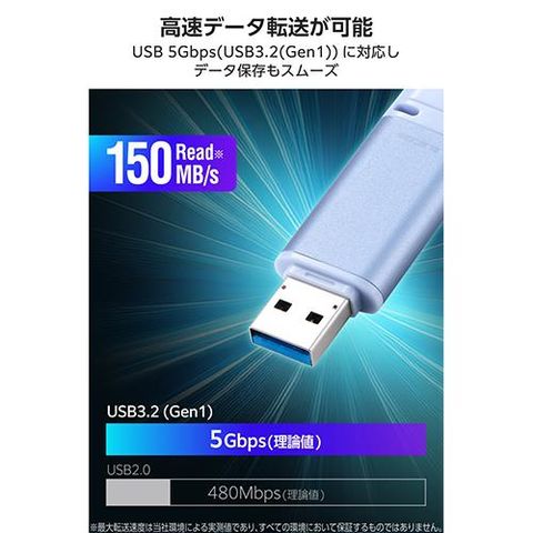 エレコム(ELECOM) MF-RCU3128GBU ブルー USBメモリ 128GB キャップ式 USB 3.2 Gen1 読み込み最大150MB/s 暗号化AES256 データ保護ソフト対応
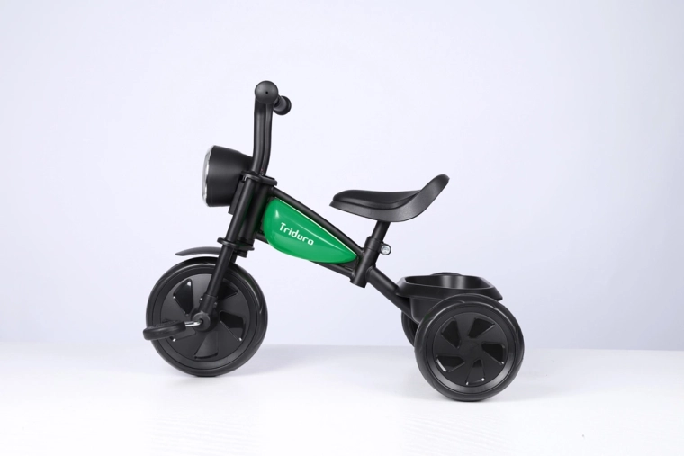 Trehjuleren Qplay Triduro er ideel til små eventyrere, der elsker stil og stabilitet på tre hjul. Motorcykel-look med detaljeret “tank”, komfortabelt sæde og holdbar konstruktion gør den til en perfekt makker på gåture og legepladsen. De brede EVA-hjul giver en jævn og stille kørsel på faste underlag.
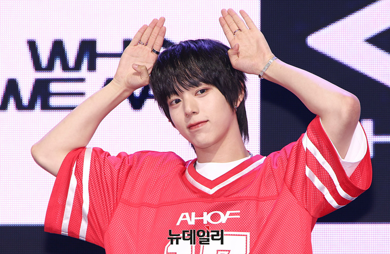 보이그룹 아홉(AHOF) 즈언이 1일 오후 서울 광진구 예스24 라이브홀에서 열린 첫 번째 미니앨범 '후 위 아(WHO WE ARE)' 데뷔 쇼케이스에서 포즈를 취하고 있다.
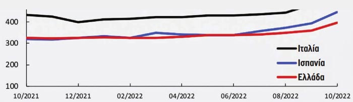 Στην Ελλάδα, καταγράφηκε τιμή παραγωγού 3,97 ευρώ/κιλό, με μηνιαία αύξηση 10% και ετήσια αύξηση (Οκτώβριος 2021 – Οκτώβριος 2022) κατά 22%. Αντίστοιχα, στην Ιταλία η τιμή παραγωγού τον φετινό Οκτώβριο διαμορφώθηκε σε 5,30 ευρώ/κιλό με μηνιαία αύξηση επίσης 10% και ετήσια 23%. Στην Ισπανία, η τιμή παραγωγού φέτος τον Οκτώβριο διαμορφώθηκε στα 4,46 ευρώ/κιλό, με μηνιαία αύξηση 13% και ετήσια 39%.
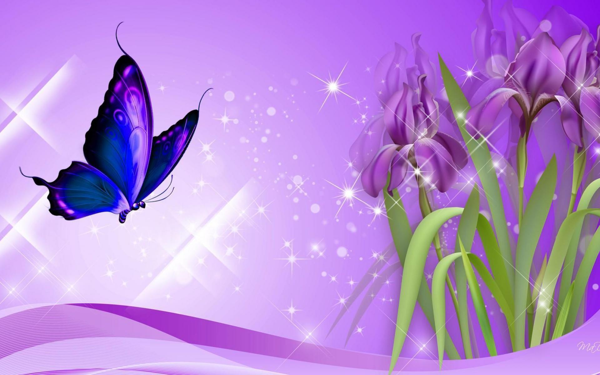 Wallpaper Butterfly on irises
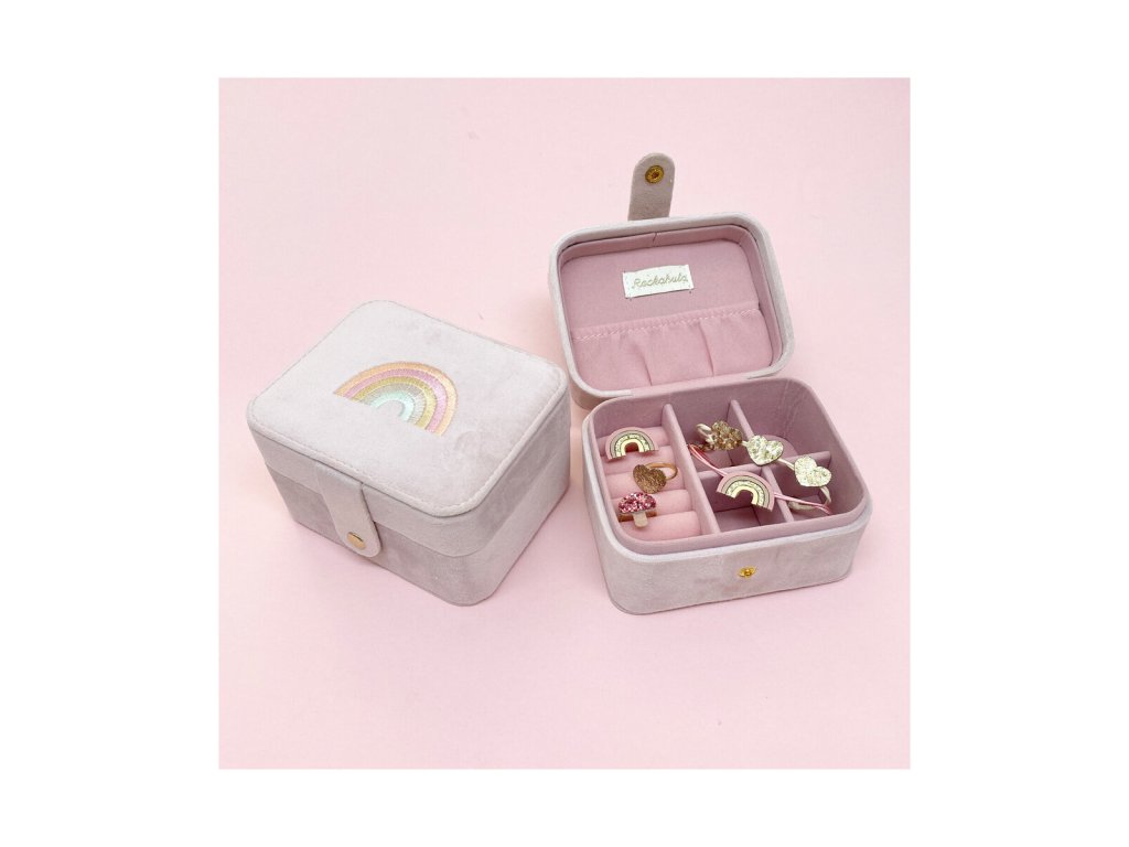 Semišová měkká šperkovnice s vyšívanou duhou k uložení malých pokladů a šperků, která potěší každou parádnici.
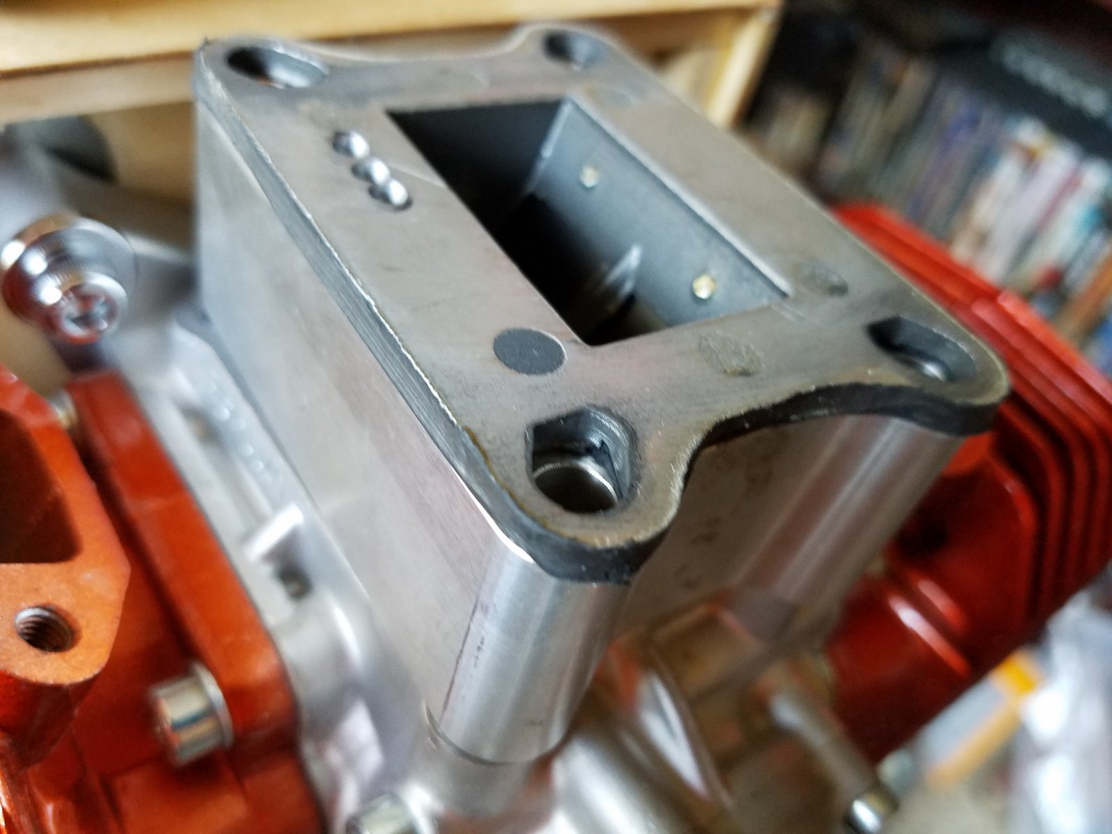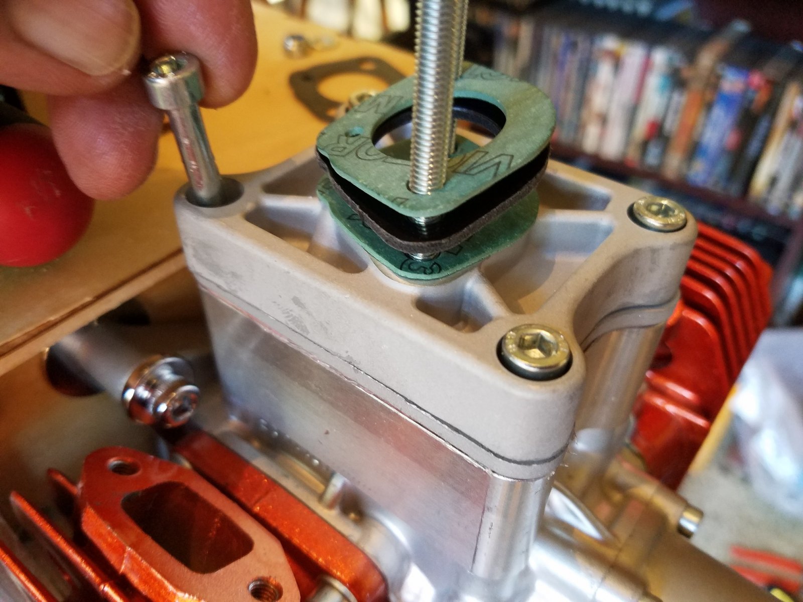 In fact, it turns out there are many manufacturers that "insist" on this particular assembly sealer. Mercedes, Lexus, Ferrari, Jaguar just to name a few. Hmm, "dubs" are in good company. Anyway, a little gasket sealer, (not much, just enough to lightly coat the parameter of the mated parts, and a gasket between the engine and the reed block housing.
□ □ □ □
> [TASK BRIEF]:
The copy must start at the line containing "Στην Ελλάδα, καταγράφηκε" and end at the last line of the data, matching each line exactly. It must hold no pictures.

> [TASK RESULT]:
 Στην Ελλάδα, καταγράφηκε τιμή παραγωγού 3,97 ευρώ/κιλό, με μηνιαία αύξηση 10% και ετήσια αύξηση (Οκτώβριος 2021 – Οκτώβριος 2022) κατά 22%. Αντίστοιχα, στην Ιταλία η τιμή παραγωγού τον φετινό Οκτώβριο διαμορφώθηκε σε 5,30 ευρώ/κιλό με μηνιαία αύξηση επίσης 10% και ετήσια 23%. Στην Ισπανία, η τιμή παραγωγού φέτος τον Οκτώβριο διαμορφώθηκε στα 4,46 ευρώ/κιλό, με μηνιαία αύξηση 13% και ετήσια 39%.
 Wallpaper Butterfly on irises
 Semišová měkká šperkovnice s vyšívanou duhou k uložení malých pokladů a šperků, která potěší každou parádnici.
 In fact, it turns out there are many manufacturers that "insist" on this particular assembly sealer. Mercedes, Lexus, Ferrari, Jaguar just to name a few. Hmm, "dubs" are in good company. Anyway, a little gasket sealer, (not much, just enough to lightly coat the parameter of the mated parts, and a gasket between the engine and the reed block housing.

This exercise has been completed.